Requirement | Print the data that follows exactly, leaving nothing out.

Provided records |
————

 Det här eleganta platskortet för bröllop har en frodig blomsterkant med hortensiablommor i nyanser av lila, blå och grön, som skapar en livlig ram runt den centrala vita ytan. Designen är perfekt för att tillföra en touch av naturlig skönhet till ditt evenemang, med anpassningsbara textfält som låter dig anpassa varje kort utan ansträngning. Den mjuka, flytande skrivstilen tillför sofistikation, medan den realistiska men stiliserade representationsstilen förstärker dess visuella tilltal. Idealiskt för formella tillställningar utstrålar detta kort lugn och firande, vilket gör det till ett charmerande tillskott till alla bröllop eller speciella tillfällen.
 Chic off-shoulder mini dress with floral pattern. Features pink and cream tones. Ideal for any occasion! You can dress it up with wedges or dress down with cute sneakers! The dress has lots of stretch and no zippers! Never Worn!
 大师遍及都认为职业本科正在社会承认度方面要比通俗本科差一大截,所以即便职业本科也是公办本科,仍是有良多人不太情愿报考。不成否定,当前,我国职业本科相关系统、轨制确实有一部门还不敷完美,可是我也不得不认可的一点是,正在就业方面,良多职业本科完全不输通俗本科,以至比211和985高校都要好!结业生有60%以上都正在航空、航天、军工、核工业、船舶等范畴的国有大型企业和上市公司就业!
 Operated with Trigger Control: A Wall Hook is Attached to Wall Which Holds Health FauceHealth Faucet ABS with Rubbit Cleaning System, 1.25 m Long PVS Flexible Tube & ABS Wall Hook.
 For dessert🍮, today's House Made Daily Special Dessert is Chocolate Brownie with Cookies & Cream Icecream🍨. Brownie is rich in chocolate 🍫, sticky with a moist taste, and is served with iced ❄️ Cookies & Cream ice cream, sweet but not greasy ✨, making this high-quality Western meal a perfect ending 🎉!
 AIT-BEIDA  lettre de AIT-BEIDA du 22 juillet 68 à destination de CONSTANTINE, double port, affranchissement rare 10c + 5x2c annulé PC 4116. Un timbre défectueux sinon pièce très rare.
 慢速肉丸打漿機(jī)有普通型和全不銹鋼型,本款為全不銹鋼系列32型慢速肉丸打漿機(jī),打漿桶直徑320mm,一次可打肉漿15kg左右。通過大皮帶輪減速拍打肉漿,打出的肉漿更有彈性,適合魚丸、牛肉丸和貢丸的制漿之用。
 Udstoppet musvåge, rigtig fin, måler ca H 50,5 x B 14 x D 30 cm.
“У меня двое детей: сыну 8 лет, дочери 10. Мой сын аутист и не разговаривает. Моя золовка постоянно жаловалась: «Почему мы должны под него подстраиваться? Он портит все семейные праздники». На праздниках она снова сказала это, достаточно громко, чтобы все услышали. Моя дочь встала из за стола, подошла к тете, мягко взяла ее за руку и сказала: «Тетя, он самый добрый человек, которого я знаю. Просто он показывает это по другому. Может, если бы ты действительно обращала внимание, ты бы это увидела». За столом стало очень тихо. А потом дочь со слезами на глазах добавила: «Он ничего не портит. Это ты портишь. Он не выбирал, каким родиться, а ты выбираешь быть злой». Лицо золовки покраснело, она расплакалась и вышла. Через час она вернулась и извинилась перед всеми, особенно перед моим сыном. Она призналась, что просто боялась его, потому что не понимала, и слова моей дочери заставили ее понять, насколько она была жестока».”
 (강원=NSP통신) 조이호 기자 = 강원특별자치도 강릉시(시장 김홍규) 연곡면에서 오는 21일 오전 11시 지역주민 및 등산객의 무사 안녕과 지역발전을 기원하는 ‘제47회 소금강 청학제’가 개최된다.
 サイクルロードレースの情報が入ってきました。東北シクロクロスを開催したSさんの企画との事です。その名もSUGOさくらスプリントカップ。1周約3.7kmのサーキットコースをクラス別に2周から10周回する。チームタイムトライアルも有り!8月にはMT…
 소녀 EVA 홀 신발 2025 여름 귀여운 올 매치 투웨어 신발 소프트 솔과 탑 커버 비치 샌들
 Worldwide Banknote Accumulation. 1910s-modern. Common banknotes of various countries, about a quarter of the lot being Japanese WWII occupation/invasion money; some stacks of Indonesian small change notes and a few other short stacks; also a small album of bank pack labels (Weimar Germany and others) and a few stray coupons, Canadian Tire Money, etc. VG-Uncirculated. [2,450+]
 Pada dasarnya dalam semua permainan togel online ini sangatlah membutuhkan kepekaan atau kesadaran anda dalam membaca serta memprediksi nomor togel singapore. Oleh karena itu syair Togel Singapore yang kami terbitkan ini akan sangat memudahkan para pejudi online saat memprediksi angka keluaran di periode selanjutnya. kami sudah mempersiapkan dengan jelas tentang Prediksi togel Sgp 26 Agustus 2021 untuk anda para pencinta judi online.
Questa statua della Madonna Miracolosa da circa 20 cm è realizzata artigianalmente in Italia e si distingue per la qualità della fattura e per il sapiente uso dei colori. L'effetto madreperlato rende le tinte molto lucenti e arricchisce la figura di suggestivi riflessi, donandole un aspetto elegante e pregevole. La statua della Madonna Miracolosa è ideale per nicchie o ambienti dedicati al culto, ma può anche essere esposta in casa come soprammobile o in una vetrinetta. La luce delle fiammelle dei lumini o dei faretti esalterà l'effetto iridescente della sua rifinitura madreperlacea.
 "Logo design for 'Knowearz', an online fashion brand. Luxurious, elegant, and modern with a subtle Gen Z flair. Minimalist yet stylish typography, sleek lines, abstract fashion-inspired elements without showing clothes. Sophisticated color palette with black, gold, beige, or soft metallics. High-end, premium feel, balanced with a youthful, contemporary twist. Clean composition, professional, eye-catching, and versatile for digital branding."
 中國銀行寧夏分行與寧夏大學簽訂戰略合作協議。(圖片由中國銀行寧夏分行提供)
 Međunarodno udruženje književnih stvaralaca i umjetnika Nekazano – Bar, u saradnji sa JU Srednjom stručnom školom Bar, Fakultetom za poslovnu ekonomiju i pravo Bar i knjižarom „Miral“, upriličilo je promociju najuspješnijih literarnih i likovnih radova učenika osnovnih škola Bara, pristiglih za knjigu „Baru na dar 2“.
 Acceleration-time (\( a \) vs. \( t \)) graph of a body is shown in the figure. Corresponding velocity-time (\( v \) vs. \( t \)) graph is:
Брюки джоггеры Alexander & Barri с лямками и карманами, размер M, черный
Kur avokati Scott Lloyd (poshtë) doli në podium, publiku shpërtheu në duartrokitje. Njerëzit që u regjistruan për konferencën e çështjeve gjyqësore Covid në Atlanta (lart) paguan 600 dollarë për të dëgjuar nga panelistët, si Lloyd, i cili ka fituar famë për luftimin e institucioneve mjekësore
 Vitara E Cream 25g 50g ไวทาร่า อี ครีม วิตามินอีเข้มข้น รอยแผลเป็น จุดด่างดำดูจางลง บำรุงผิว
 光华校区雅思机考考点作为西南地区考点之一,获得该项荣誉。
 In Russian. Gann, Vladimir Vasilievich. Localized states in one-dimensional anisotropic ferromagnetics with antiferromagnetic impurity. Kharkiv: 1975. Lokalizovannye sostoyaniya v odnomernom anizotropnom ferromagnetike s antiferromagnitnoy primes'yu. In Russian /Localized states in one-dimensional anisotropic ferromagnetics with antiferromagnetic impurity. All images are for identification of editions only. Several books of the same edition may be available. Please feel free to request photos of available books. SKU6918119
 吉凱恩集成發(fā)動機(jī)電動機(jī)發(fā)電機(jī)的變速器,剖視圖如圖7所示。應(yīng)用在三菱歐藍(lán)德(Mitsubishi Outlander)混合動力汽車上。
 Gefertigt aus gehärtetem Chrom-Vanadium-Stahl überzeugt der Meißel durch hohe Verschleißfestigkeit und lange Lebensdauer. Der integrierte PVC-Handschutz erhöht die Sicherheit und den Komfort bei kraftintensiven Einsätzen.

————

Final answer |
 Det här eleganta platskortet för bröllop har en frodig blomsterkant med hortensiablommor i nyanser av lila, blå och grön, som skapar en livlig ram runt den centrala vita ytan. Designen är perfekt för att tillföra en touch av naturlig skönhet till ditt evenemang, med anpassningsbara textfält som låter dig anpassa varje kort utan ansträngning. Den mjuka, flytande skrivstilen tillför sofistikation, medan den realistiska men stiliserade representationsstilen förstärker dess visuella tilltal. Idealiskt för formella tillställningar utstrålar detta kort lugn och firande, vilket gör det till ett charmerande tillskott till alla bröllop eller speciella tillfällen.
 Chic off-shoulder mini dress with floral pattern. Features pink and cream tones. Ideal for any occasion! You can dress it up with wedges or dress down with cute sneakers! The dress has lots of stretch and no zippers! Never Worn!
 大师遍及都认为职业本科正在社会承认度方面要比通俗本科差一大截,所以即便职业本科也是公办本科,仍是有良多人不太情愿报考。不成否定,当前,我国职业本科相关系统、轨制确实有一部门还不敷完美,可是我也不得不认可的一点是,正在就业方面,良多职业本科完全不输通俗本科,以至比211和985高校都要好!结业生有60%以上都正在航空、航天、军工、核工业、船舶等范畴的国有大型企业和上市公司就业!
 Operated with Trigger Control: A Wall Hook is Attached to Wall Which Holds Health FauceHealth Faucet ABS with Rubbit Cleaning System, 1.25 m Long PVS Flexible Tube & ABS Wall Hook.
 For dessert🍮, today's House Made Daily Special Dessert is Chocolate Brownie with Cookies & Cream Icecream🍨. Brownie is rich in chocolate 🍫, sticky with a moist taste, and is served with iced ❄️ Cookies & Cream ice cream, sweet but not greasy ✨, making this high-quality Western meal a perfect ending 🎉!
 AIT-BEIDA  lettre de AIT-BEIDA du 22 juillet 68 à destination de CONSTANTINE, double port, affranchissement rare 10c + 5x2c annulé PC 4116. Un timbre défectueux sinon pièce très rare.
 慢速肉丸打漿機(jī)有普通型和全不銹鋼型,本款為全不銹鋼系列32型慢速肉丸打漿機(jī),打漿桶直徑320mm,一次可打肉漿15kg左右。通過大皮帶輪減速拍打肉漿,打出的肉漿更有彈性,適合魚丸、牛肉丸和貢丸的制漿之用。
 Udstoppet musvåge, rigtig fin, måler ca H 50,5 x B 14 x D 30 cm.
“У меня двое детей: сыну 8 лет, дочери 10. Мой сын аутист и не разговаривает. Моя золовка постоянно жаловалась: «Почему мы должны под него подстраиваться? Он портит все семейные праздники». На праздниках она снова сказала это, достаточно громко, чтобы все услышали. Моя дочь встала из за стола, подошла к тете, мягко взяла ее за руку и сказала: «Тетя, он самый добрый человек, которого я знаю. Просто он показывает это по другому. Может, если бы ты действительно обращала внимание, ты бы это увидела». За столом стало очень тихо. А потом дочь со слезами на глазах добавила: «Он ничего не портит. Это ты портишь. Он не выбирал, каким родиться, а ты выбираешь быть злой». Лицо золовки покраснело, она расплакалась и вышла. Через час она вернулась и извинилась перед всеми, особенно перед моим сыном. Она призналась, что просто боялась его, потому что не понимала, и слова моей дочери заставили ее понять, насколько она была жестока».”
 (강원=NSP통신) 조이호 기자 = 강원특별자치도 강릉시(시장 김홍규) 연곡면에서 오는 21일 오전 11시 지역주민 및 등산객의 무사 안녕과 지역발전을 기원하는 ‘제47회 소금강 청학제’가 개최된다.
 サイクルロードレースの情報が入ってきました。東北シクロクロスを開催したSさんの企画との事です。その名もSUGOさくらスプリントカップ。1周約3.7kmのサーキットコースをクラス別に2周から10周回する。チームタイムトライアルも有り!8月にはMT…
 소녀 EVA 홀 신발 2025 여름 귀여운 올 매치 투웨어 신발 소프트 솔과 탑 커버 비치 샌들
 Worldwide Banknote Accumulation. 1910s-modern. Common banknotes of various countries, about a quarter of the lot being Japanese WWII occupation/invasion money; some stacks of Indonesian small change notes and a few other short stacks; also a small album of bank pack labels (Weimar Germany and others) and a few stray coupons, Canadian Tire Money, etc. VG-Uncirculated. [2,450+]
 Pada dasarnya dalam semua permainan togel online ini sangatlah membutuhkan kepekaan atau kesadaran anda dalam membaca serta memprediksi nomor togel singapore. Oleh karena itu syair Togel Singapore yang kami terbitkan ini akan sangat memudahkan para pejudi online saat memprediksi angka keluaran di periode selanjutnya. kami sudah mempersiapkan dengan jelas tentang Prediksi togel Sgp 26 Agustus 2021 untuk anda para pencinta judi online.
Questa statua della Madonna Miracolosa da circa 20 cm è realizzata artigianalmente in Italia e si distingue per la qualità della fattura e per il sapiente uso dei colori. L'effetto madreperlato rende le tinte molto lucenti e arricchisce la figura di suggestivi riflessi, donandole un aspetto elegante e pregevole. La statua della Madonna Miracolosa è ideale per nicchie o ambienti dedicati al culto, ma può anche essere esposta in casa come soprammobile o in una vetrinetta. La luce delle fiammelle dei lumini o dei faretti esalterà l'effetto iridescente della sua rifinitura madreperlacea.
 "Logo design for 'Knowearz', an online fashion brand. Luxurious, elegant, and modern with a subtle Gen Z flair. Minimalist yet stylish typography, sleek lines, abstract fashion-inspired elements without showing clothes. Sophisticated color palette with black, gold, beige, or soft metallics. High-end, premium feel, balanced with a youthful, contemporary twist. Clean composition, professional, eye-catching, and versatile for digital branding."
 中國銀行寧夏分行與寧夏大學簽訂戰略合作協議。(圖片由中國銀行寧夏分行提供)
 Međunarodno udruženje književnih stvaralaca i umjetnika Nekazano – Bar, u saradnji sa JU Srednjom stručnom školom Bar, Fakultetom za poslovnu ekonomiju i pravo Bar i knjižarom „Miral“, upriličilo je promociju najuspješnijih literarnih i likovnih radova učenika osnovnih škola Bara, pristiglih za knjigu „Baru na dar 2“.
 Acceleration-time (\( a \) vs. \( t \)) graph of a body is shown in the figure. Corresponding velocity-time (\( v \) vs. \( t \)) graph is:
Брюки джоггеры Alexander & Barri с лямками и карманами, размер M, черный
Kur avokati Scott Lloyd (poshtë) doli në podium, publiku shpërtheu në duartrokitje. Njerëzit që u regjistruan për konferencën e çështjeve gjyqësore Covid në Atlanta (lart) paguan 600 dollarë për të dëgjuar nga panelistët, si Lloyd, i cili ka fituar famë për luftimin e institucioneve mjekësore
 Vitara E Cream 25g 50g ไวทาร่า อี ครีม วิตามินอีเข้มข้น รอยแผลเป็น จุดด่างดำดูจางลง บำรุงผิว
 光华校区雅思机考考点作为西南地区考点之一,获得该项荣誉。
 In Russian. Gann, Vladimir Vasilievich. Localized states in one-dimensional anisotropic ferromagnetics with antiferromagnetic impurity. Kharkiv: 1975. Lokalizovannye sostoyaniya v odnomernom anizotropnom ferromagnetike s antiferromagnitnoy primes'yu. In Russian /Localized states in one-dimensional anisotropic ferromagnetics with antiferromagnetic impurity. All images are for identification of editions only. Several books of the same edition may be available. Please feel free to request photos of available books. SKU6918119
 吉凱恩集成發(fā)動機(jī)電動機(jī)發(fā)電機(jī)的變速器,剖視圖如圖7所示。應(yīng)用在三菱歐藍(lán)德(Mitsubishi Outlander)混合動力汽車上。
 Gefertigt aus gehärtetem Chrom-Vanadium-Stahl überzeugt der Meißel durch hohe Verschleißfestigkeit und lange Lebensdauer. Der integrierte PVC-Handschutz erhöht die Sicherheit und den Komfort bei kraftintensiven Einsätzen.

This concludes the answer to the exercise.